Unlike between botched decolonization and about 1995, Africa has been doing really well for the last 15 years (except for AIDS epidemics), precisely once the West and Soviets stopped their attempts at recolonizing by proxy.
The conventional wisdom that Africa is not reducing poverty is wrong. Using the methodology of Pinkovskiy and Sala‐iMartin (2009), we estimate income distributions, poverty rates, and inequality and welfare indices for African countries for the period 1970‐2006.
We show that:
(1) African poverty is falling and is falling rapidly.
(2) If present trends continue, the poverty Millennium Development Goal of halving the proportion of people with incomes less than one dollar a day will be achieved on time.
(3) The growth spurt that began in 1995 decreased African income inequality instead of increasing it.

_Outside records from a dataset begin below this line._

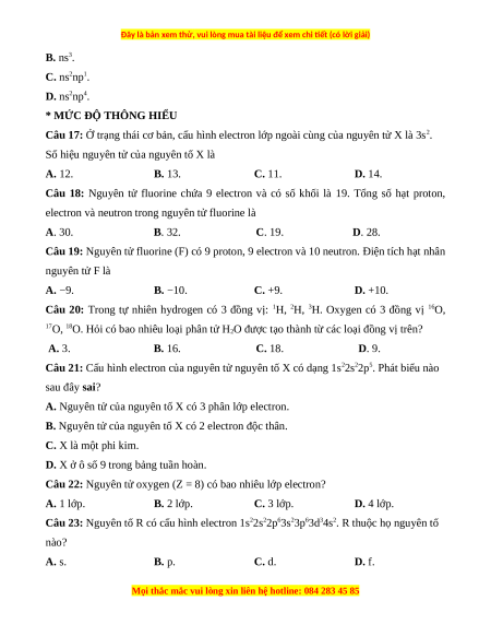 Câu 17: Ở trạng thái cơ bản, cấu hình electron lớp ngoài cùng của nguyên tử X là 3s
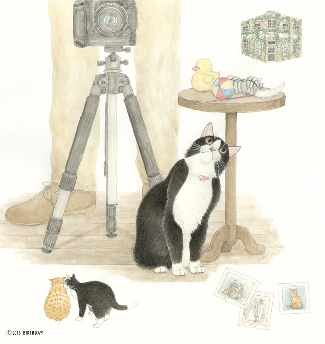 ピスフール公園の近くにあるMr.フィンリーの写真館。動物写真もプロ級のご主人様と、アシスタント猫のミシェットのおかげで“我が家の、猫と家族の成長の記録”として写真を撮ってもらいに来るお客さんが絶えません。撮影拒否の猫にも、そっと近づいて話しかけます。 #猫イラスト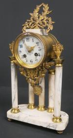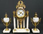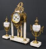 Garniture de cheminée de style Louis XVI en marbre et bronze, comprenant une pendule portique à cinq colonnes. Haut : 40 cm, et une paire de cassolettes. Haut : 25 cm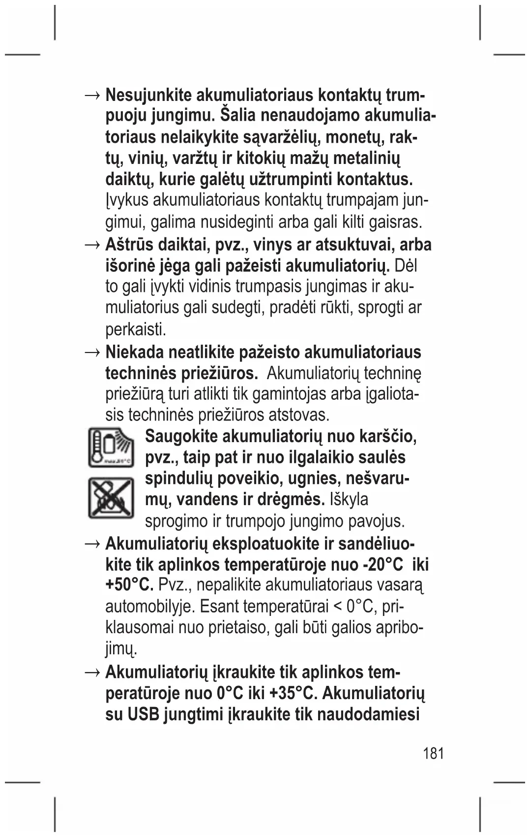 Akumuliatoriųįkraukitetikaplinkostem- peratūrojenuo0°Ciki+35°C.Akumuliatorių suUSBjungtimiįkraukitetiknaudodamiesi 181Українська Правилатехнікибезпеки Прочитайтевсізагальніінструкції таправилатехнікибезпеки Недотриманнязагальнихінструкційі правилтехнікибезпекиможепризвестидо ураженняелектричнимструмом,пожежіта/або тяжкоготравмування.Збережітьінформацію щодоправилтехнікибезпекийзагальні інструкціїдляподальшогокористування.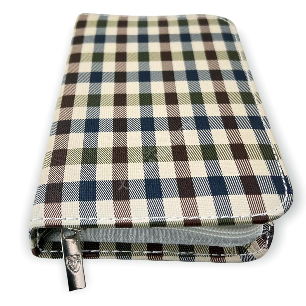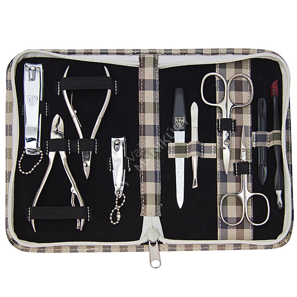 Sada je vybavena nástroji z kvalitní poniklované oceli od německého výrobce Kellermann. Nástroje jsou uloženy v pouzdře s módním kostkovaným designem a zavíráním na zip.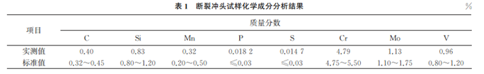 在沖頭上截取試樣,用直讀光譜儀對(duì)試樣進(jìn)行化學(xué)成分分析,結(jié)果如表1所示。由表1可知:該沖頭材料符合GB/T 1299—2000《合金工具鋼》對(duì)H13鋼的規(guī)定。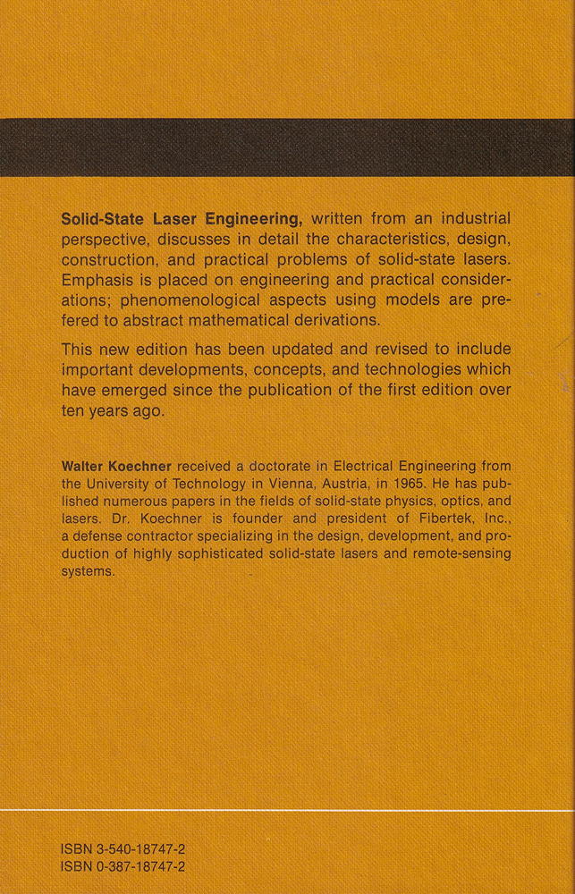Solid-State Laser Engineering is written from an industrial perspective and discusses in detail the characteristics, design, construction and practical problems of solid-state lasers. Emphasis is placed on engineering and practical considerations, with a phenomenological treatment using modelsbeing preferred to abstract mathematical derivations. This new edition has been updated and revised to include important developments, concepts and technologies that have emerged since the publication of the first edition.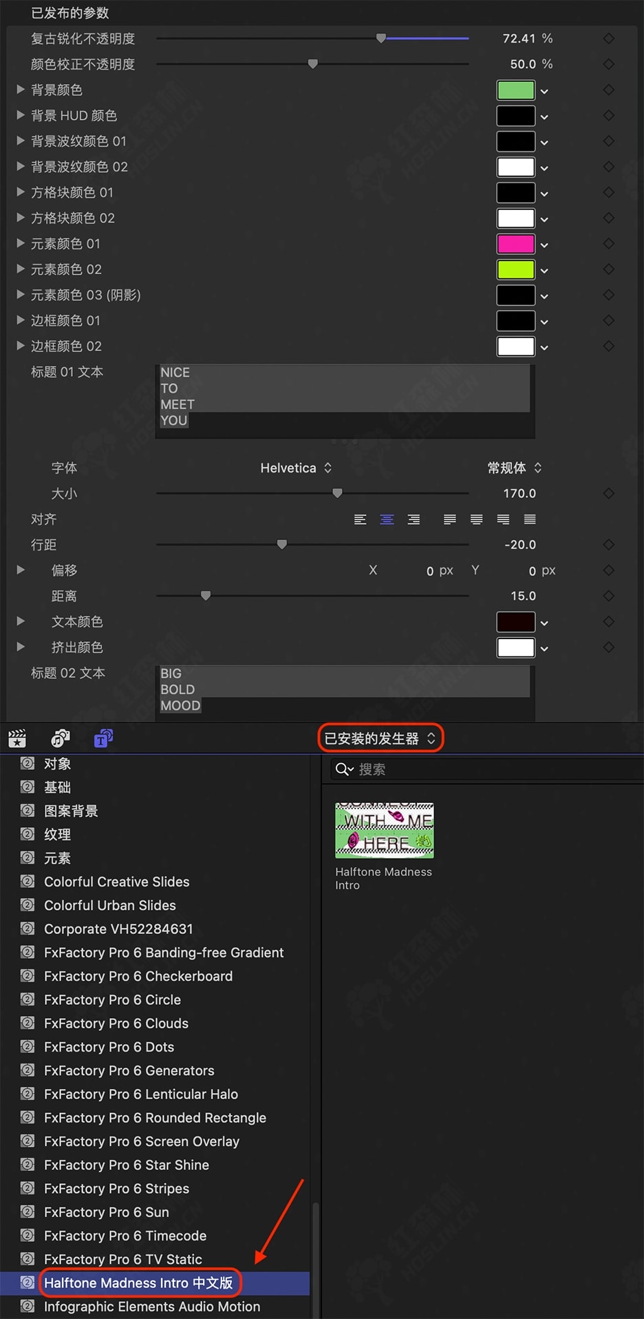 安装方式:双击自动安装到FCPX软件中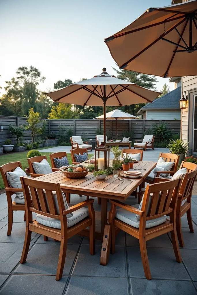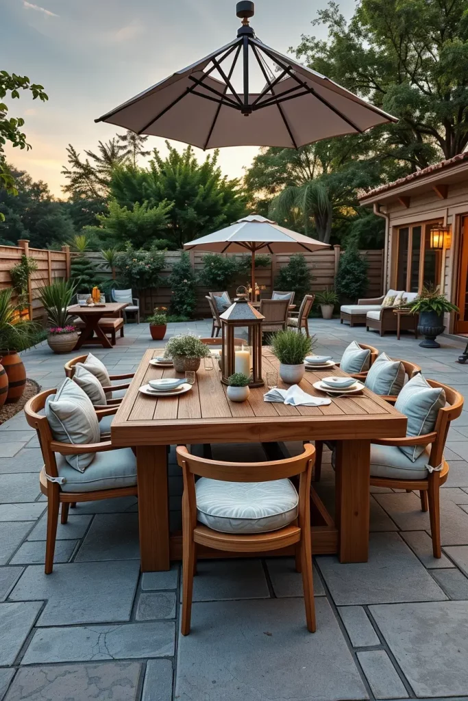 I usually start with a durable outdoor dining table made of teak, aluminum, or weather-resistant composite materials. Comfortable dining chairs with cushions make a big difference during longer meals. I often add a large umbrella or pergola above the table to provide shade and protect guests from strong summer sun.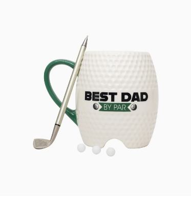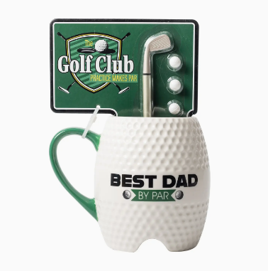 Practice makes par! The Golf Club Gift Set includes a 16 oz. ceramic mug with coordinating putter-shaped pen and 3 golf balls. Hand wash only.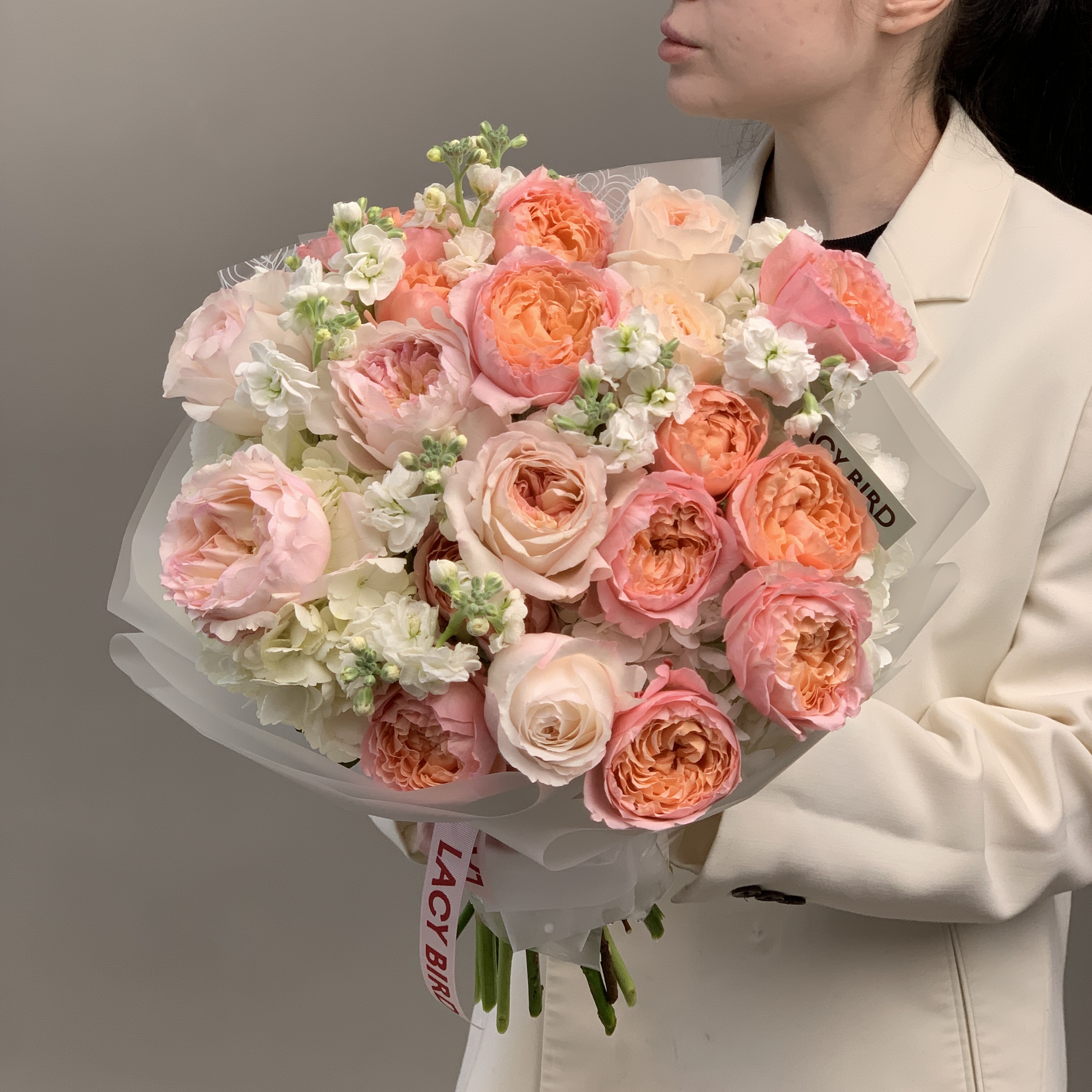 Свежие цветы от Lacy Bird доставляются в фирменной упаковке, которую необходимо снять при установке в вазу. Не срезайте ленту, связывающую букет для сохранения формы.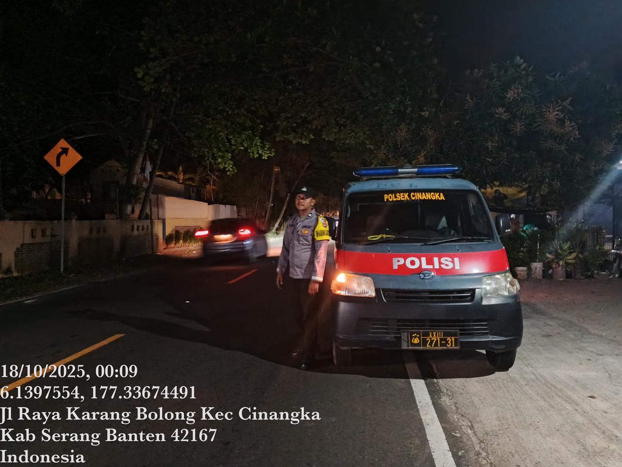 *Cilegon* – Dalam Rangka Pencegahan Kejahatan Jalanan dan Memelihara situasi keamanan dan menjaga serta memberikan rasa aman dan nyaman di masyarakat,Salah satu upaya untuk mewujudkan hal tersebut sebagaimana yang dilakukan oleh Personil Polsek Cinangka Polres Cilegon Polda Banten melaksanakan giat patroli blue light malam hari hingga menjelang pagi, Sabtu (18/10/2025).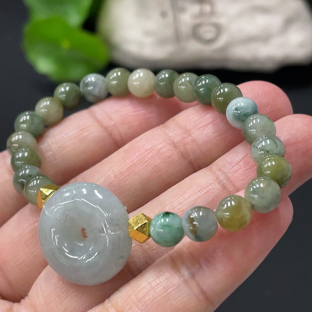 Jadeite Bracelet 6.1mm Approx. Total Weight 12.69g Non-Gold Beads Containing Other Mineral Components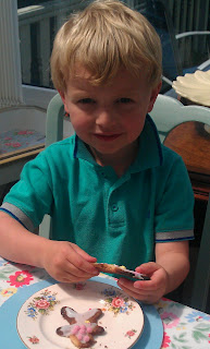 R made me chuckle as she asked if we could "display" the offerings for Daddy. Learning so young that cake eating can be made 'an event' when put on a pretty plate! She promptly chose a heart shaped plate for the heart biscuits and another for the lemon drizzle.... ahh... so much nicer than shoving a tin on the table!!
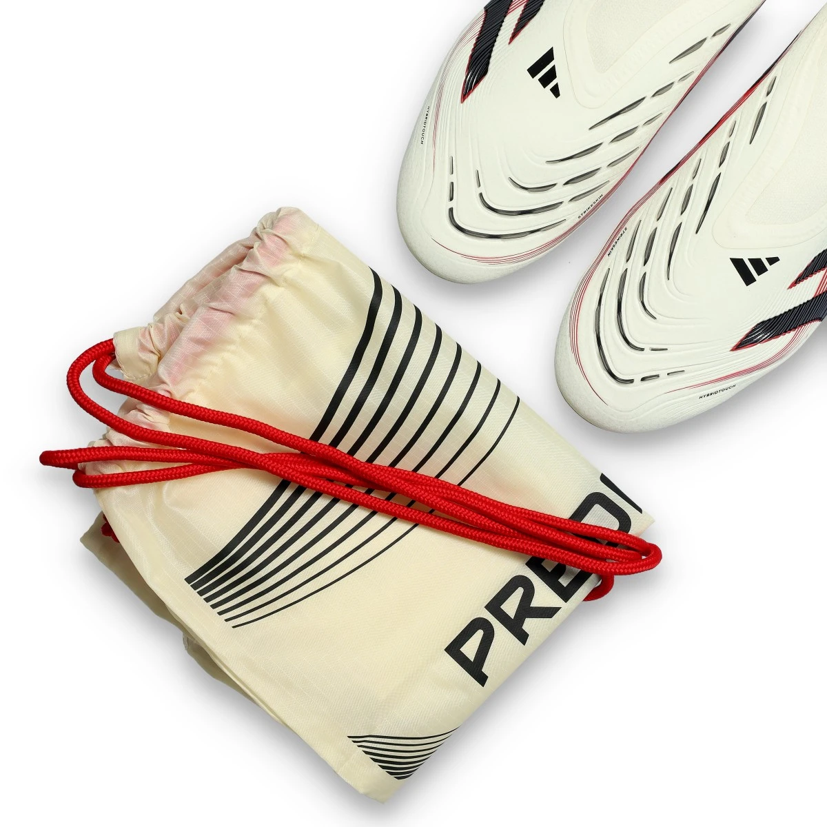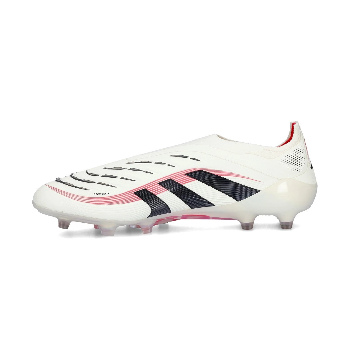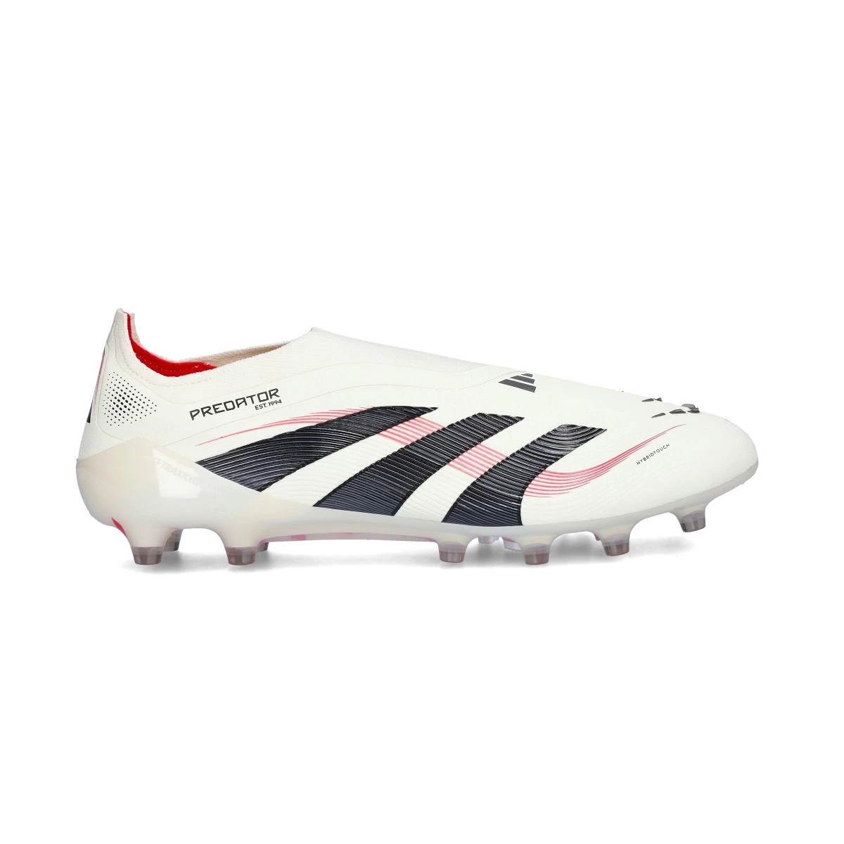 Chaussures Predator Elite LL AG d'adidas en Off White-Core Black-Pure Ruby. Modèles haut de gamme sans lacets pour les terrains en gazon artificiel.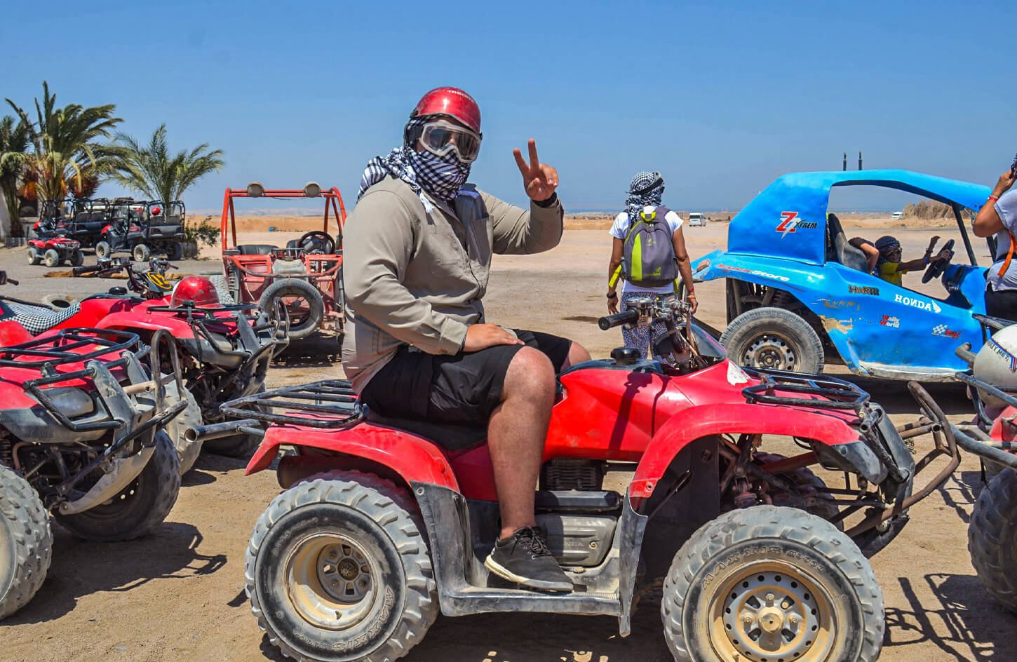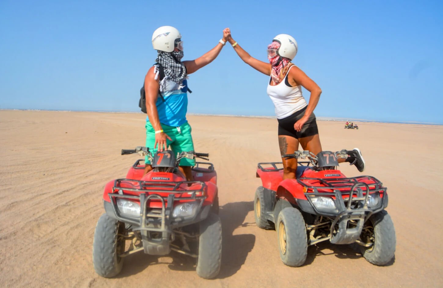 After this enriching cultural encounter, hop back on your quad bike for the thrilling return journey, racing through the desert one last time. As the adventure winds down, your guide will ensure a smooth transfer back to your hotel, leaving you with incredible memories of Hurghada’s ultimate desert experience.

(4) African poverty reduction is remarkably general: it cannot be explained by a large country, or even by a single set of countries possessing some beneficial geographical or historical characteristic. All classes of countries, including those with disadvantageous geography and history, experience reductions in poverty.
In particular, poverty fell for both landlocked as well as coastal countries;
for mineral‐rich as well as mineral‐poor countries; for countries with favorable or with unfavorable agriculture;
for countries regardless of colonial origin; and for countries with below‐ or above-median slave exports per capita during the African slave trade
Unlike between botched decolonization and about 1995, Africa has been doing really well for the last 15 years (except for AIDS epidemics), precisely once the West and Soviets stopped their attempts at recolonizing by proxy.
Not China levels of well, but really well.